The horror movie experience that this week has been as this menacing woman ruined another  young man’s life has been nothing short of eye-opening.   I could not conceive the calculated, premeditated cunning that she has used.    I wish I had  trusted my instincts and had the courage to look her up on Google before she had created this mess.

And she had the audacity to say…. ” just one @*%little slip up”… when she was found out.

There are some real lessons in this mess:

  •  Don’t go near women with sob stories, they are cunning and clever.
  •  They play victims very convincingly
  •  Do more than a cursory check
  •  Trust your values and instincts
  •  Make sure your security checks are good.
  •  Do not trust anyone near your banking details and that means keeping your filing out of her clutches.
  • Make sure your friends are comfortable with her
  • Don’t let her isolate you

If you have been in this situation also know this that the sooner you put it behind you, the sooner you recover.  From the stats in the previous post, consider yourself fortunate  if you managed to get away from a situation like this one.

 

this link for men confronted with violence from women


http://www.lectlaw.com/files/fam27.htm

A small quote

“Just as bad cases make bad laws, so can celebrity cases reinforce old myths. The biggest myth the O.J. Simpson case is likely to reinforce is the myth that domestic violence is a one way street (male-to- female), and its corollary, that male violence against women is an outgrowth of masculinity.

When I began seven years of research into these issues in preparation for “The Myth of Male Power”, I began with these two assumptions since I had been the only man in the United States to have been elected three times to the Board of Directors of the National Organization of Women in New York City, and these assumptions went unquestioned in feminist circles.

My first finding – that in the U.S. and Canada more than 90% of the domestic violence reports to the police were by women, not men – seemed to confirm these assumptions. But, then the picture became more complex. About a dozen studies in the U.S. and Canada asked BOTH sexes how often they hit each other, all of them found that women hit men either more frequently or about as often as the reverse.

Two of the main studies – by Suzanne Steinmetz, Murray Straus and Richard Gelles – assumed men hit women more severely, so they divided domestic violence into seven different levels of severity. They were surprised to discover that, overall, the more severe levels of violence were conducted more by women against men.

A caveat, though. Men hitting women did more damage than the reverse. However, this caveat carried its own caveat: it was exactly because mens hits hurt more that women resorted to more severe methods (i.e. tossing boiling water over her husband or swinging a frying pan into his face). These findings were supported by the Census Bureaus own survey: As early as 1977, the U.S. Census Bureau conducted the National Crime Survey, surveying 60,000 households every six months for three and one half years. They found women use weapons against men 82% of the time; men use weapons against women 25% of the time. Overall, they found that even the women acknowledged they hit men more than men hit women.

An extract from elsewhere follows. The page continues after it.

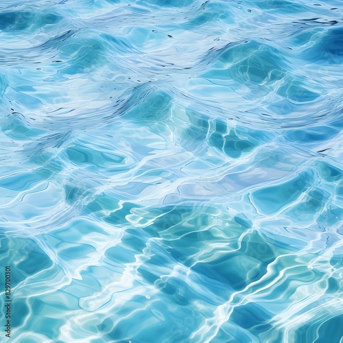 Clear blue water in a swimming pool. Sunlight reflecting on the surface. Generative AI.
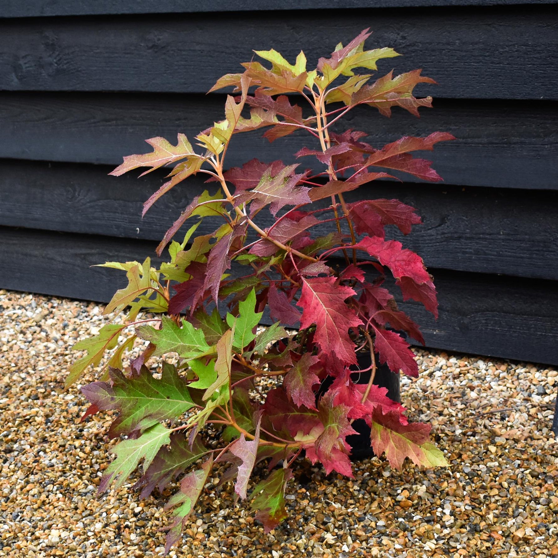 Hydrangea quercifolia 'Ice Crystal', commonly known as the Oakleaf Hydrangea, is a captivating deciduous shrub prized for its distinctive foliage and striking floral displays. This variety is renowned for its deeply lobed, oak-like leaves that transform into a rich tapestry of colours through the seasons. In spring and summer, the leaves are a vibrant green, providing a lush backdrop to the plant's main attraction – its flowers.

The key issue, though, is who initiates this cycle of violence. Steinmetz, Strauss and Gelles found to their initial surprise that women are more likely to be the first initiator. Why? In part, the belief that men can take it – - they can therefore be a punching bag and not be expected to hit back.

I was still a bit incredulous. I asked thousands of men and women in my workshops to count all the relationships in which they had hit their partner before their partner had ever it them. and vice versa. About 60% of the women acknowledged they had more often been the first to strike a blow: among the men, about 90% felt their female partner had been the first to strike a blow.”